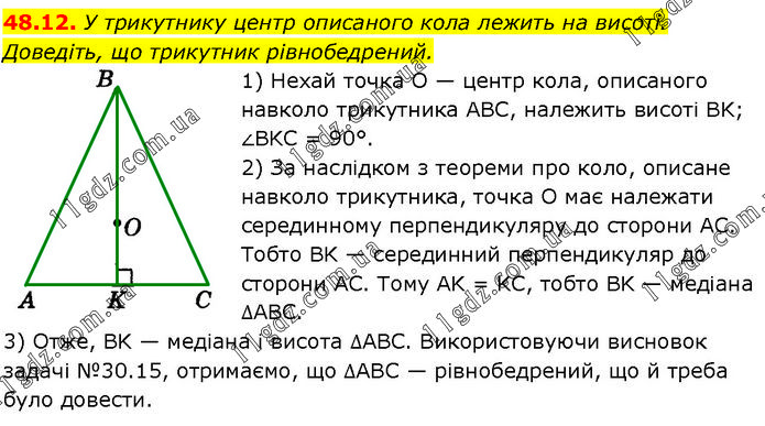 У трикутнику центр описаного кола лежить на висоті. Доведіть, що трикутник рівнобедрений. 1) Нехай точка O — центр кола, описаного навколо трикутника ABC, належить висоті BK; ∠BKC = 90°. 2) За наслідком з теореми про коло, описане навколо трикутника, точка O має належати серединному перпендикуляру до сторони АС. Тобто BK — серединний перпендикуляр до сторони АС. Тому AK = KC, тобто BK — медіана ∆ABC. 3) Отже, BK — медіана і висота ∆ABC. Використовуючи висновок задачі №30.15, отримаємо, що ∆ABC — рівнобедрений, що й треба було довести.
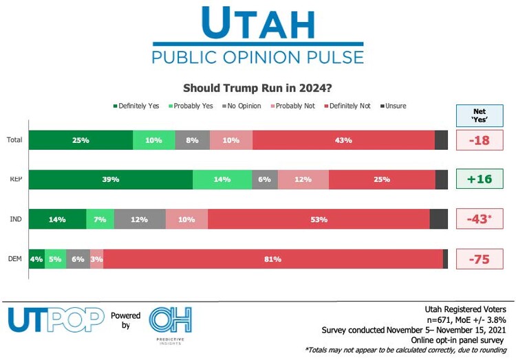 A new poll from OH Predictive Insights shows 35% of Beehive State voters say Trump should launch another campaign for president, but 53% say Trump should not run again.
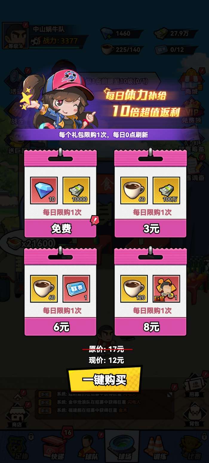 足球大人物钻石是游戏核心货币,主要用于招募球员。主要来源:7日签到、每日礼包、副本任务、充值及解锁图鉴等。核心用途为购买招募券(1500钻/10张),亦可在商店兑换体力、快递箱等资源,或用于副本扫荡获取材料。建议优先保障招募需求。

• _WHAT IS REQUIRED_
Give again, exactly, the lines from the start of the data through the one holding "A new poll from"; omit the pictures.

• _OUTPUT BELOW_
 У трикутнику центр описаного кола лежить на висоті. Доведіть, що трикутник рівнобедрений. 1) Нехай точка O — центр кола, описаного навколо трикутника ABC, належить висоті BK; ∠BKC = 90°. 2) За наслідком з теореми про коло, описане навколо трикутника, точка O має належати серединному перпендикуляру до сторони АС. Тобто BK — серединний перпендикуляр до сторони АС. Тому AK = KC, тобто BK — медіана ∆ABC. 3) Отже, BK — медіана і висота ∆ABC. Використовуючи висновок задачі №30.15, отримаємо, що ∆ABC — рівнобедрений, що й треба було довести.
 A new poll from OH Predictive Insights shows 35% of Beehive State voters say Trump should launch another campaign for president, but 53% say Trump should not run again.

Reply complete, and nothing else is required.